Thursday 10 April 2014

Finance methods explained by Green Apple Leasing Ltd






Here at Green Apple Leasing we understand that not everybody speaks the lingo like we do. Finance options can be confusing and if you don't understand what you're signing up for you might end up with the wrong contract for you. So we've broken down each type of car finance we offer across all of our cars, including Mercedes-benz, Citroen and Peugeot brands. 


Contract Hire

  • Contract hire is a vehicle leasing contract for sole traders, partnerships, limited companies and PLCs. The Hirer benefits by paying a single fixed rental each month. This includes road fund licence in most cases and, if required, service and maintenance. 
  • Rental periods typically vary between 18 and 48 months, there is no large initial payment to be made as deposits are usually equivalent to 3 or 6 months rental. 
  • VAT is payable on rentals but is partially reclaimable by VAT registered businesses. 
  • At the end of a contract the vehicle is returned to the lender at the agreed contract mileage with no final or balloon payment to be made. 
  • If the mileage on the vehicle at the end of the contract is higher than the contracted mileage then there will be an excess mileage charge to pay. This is typically 5p - 10p per mile.


Personal Contract Hire

  • Personal Contract Hire (PCH) has been specifically designed for people opting out of a company car scheme or joining a new company that provides a company car allowance, instead of a company car. 
  • A PCH contract includes road fund licence and, if required, service and maintenance. 
  • Rental periods typically vary between 24 and 48 months, there is no large initial payment to be made as deposits are usually equivalent to 3 or 6 months rental. 
  • At the end of a contract the vehicle is returned to the lender at the agreed contract mileage with no final or balloon payment to be made. 
  • If the mileage on the vehicle at the end of the contract is higher than the contracted mileage then there will be an excess mileage charge to pay.
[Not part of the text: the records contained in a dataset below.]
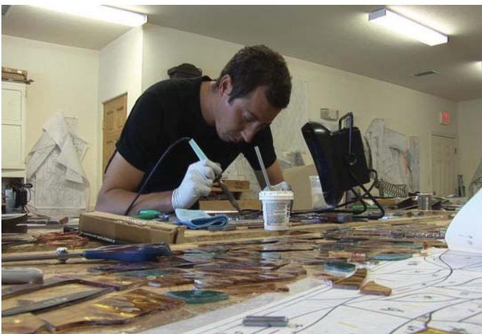
Creating the Tree of Life
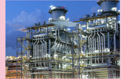
A top-tier 1,300MW gas-fired power plant in Singapore

Acquisition of 51% interest in Keppel Merlimau Cogen Pte. Ltd. (“KMC”) funded by Equity Fund Raising Exercise
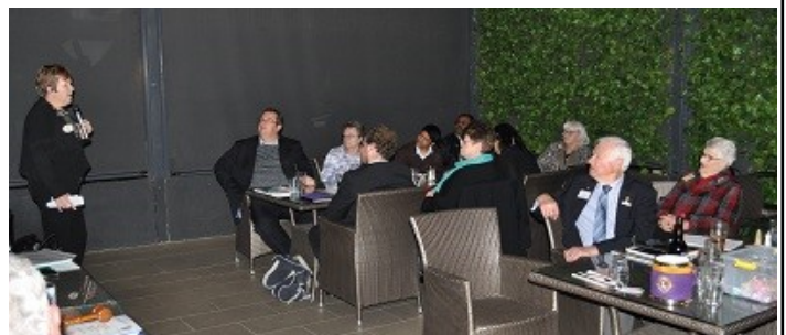
DG Megan addressing the captive audience at the Gilles Plains meeting.

Singing in the shower is all fun and games until you get shampoo in your mouth. Then it becomes a soap opera.
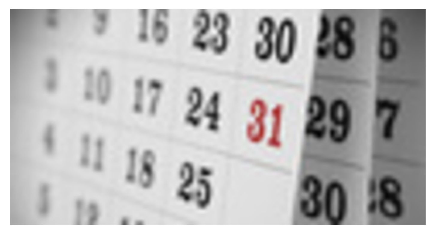
CTK School Calendar can now be accessed through the SkoolBag App.

Click to download instructions on how to install Skoolbag
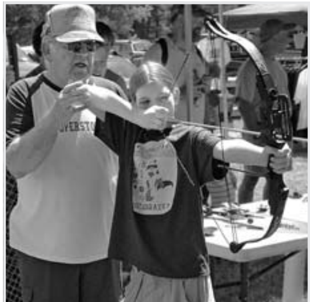
Learn to use a bow and arrow at the Flashing Feathers booth during Fun Day!

Certificates will be available for pickup at the Danby Fun Day. Thereafter they will be sent to recipients. Names of all recipients will be posted at Fun Day and at the Town Hall. They will also be published in the Broader View Weekly and in the August Edition of the Danby News. Thanks to all who participated by nominating our volunteers and thanks to the Town for their support. Next year we will form a committee and hopefully keep this going for many years to come! ❁
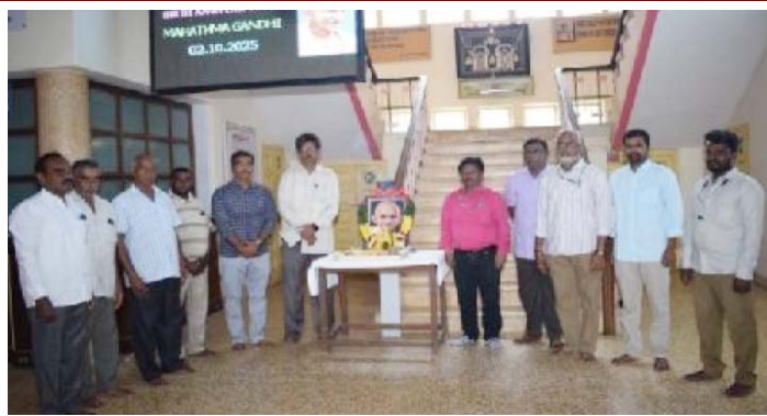
Gandhi Jayanthi @ S.V. Agricultural College, Tirupati
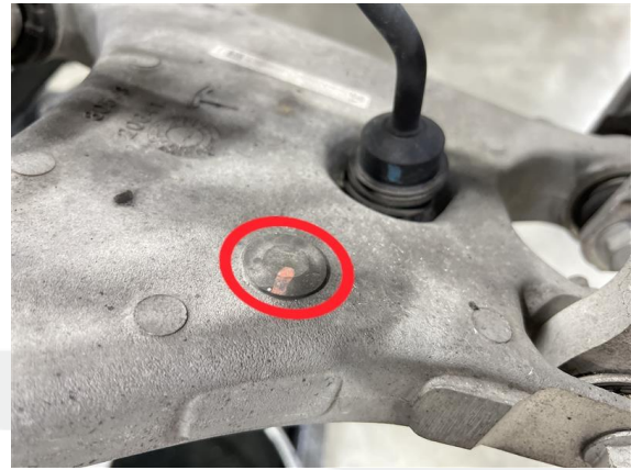
Figure 2 – RH

This is typically 5p - 10p per mile.


Personal Contract Purchase

  • Purchase Personal contract purchase (PCP) is available to everyone, subject to status. 
  • PCP provides a new or used vehicle for a pre-determined period, normally 24 - 48 months. 
  • Like contract hire the contract has a low initial payment, usually 3 monthly payments, followed by fixed payments for an agreed period with an agreed mileage. 
  • At the end of the contract period there is a guaranteed future value that you have the option of paying to take ownership of the vehicle, or you can hand back the car to the finance company without penalty.


Hire Purchase

  • Hire purchase is a simple, straightforward way to spread the cost of buying a new car. It is fixed rate finance - with a fixed monthly payment. 
  • The deposit you pay is flexible - from as little as £99. 
  • The remaining balance, plus fixed interest, is repaid in equal instalments over an agreed period (12-60 months).


Lease Purchase

  • Lease Purchase is essentially Hire Purchase with a balloon payment at the end of the contract. Lease Purchase offers lower monthly payments than normal hire purchase. Instead, at the end of the agreement, you can make a final lump sum payment (or 'balloon') to own your car.
  • It's fixed rate finance - but with a lower fixed monthly outlay since you defer repayment of some of the borrowing. 
  • At the end of the agreement options include car purchase, refinance, part exchange or resale. The deposit you pay is flexible - from as little as £99. 
  • The remaining balance, plus fixed interest, is repaid in equal instalments over an agreed period (12-60 months) plus a final balloon payment.


Finance Lease

  • Finance lease is a financing option available to businesses only. It allows payment of the entire cost of the vehicle over the life of the contract with or without a final 'balloon' payment. 
  • At the end of the agreed term and after the balloon payment (if applicable) has been paid, you can either, continue to use the vehicle by paying an annual 'peppercorn' rental or, sell the vehicle to a third party and retain 98% of the proceeds of sale. 
  • The remaining 2% must be paid to the finance company. This type of finance is often attractive to the building and construction industry as there is no damage re-charge at the end of the contract and no mileage restrictions although a higher mileage will affect the residual value if the contract incorporates a 'balloon' payment.


Non Status/Sub Prime Contracts

  • These are available for new start companies and businesses or individuals that have experienced credit problems in the past. Initial payments are typically 6 times the monthly rental.


Sale And Leaseback

  • If your company already has vehicles that have been purchased in the past, we can arrange for a finance company to buy the vehicles off you to give a capital injection to the business. 
  • The vehicles would then be leased back to you at competitive rates. This would be subject to age, mileage and value of the vehicles concerned.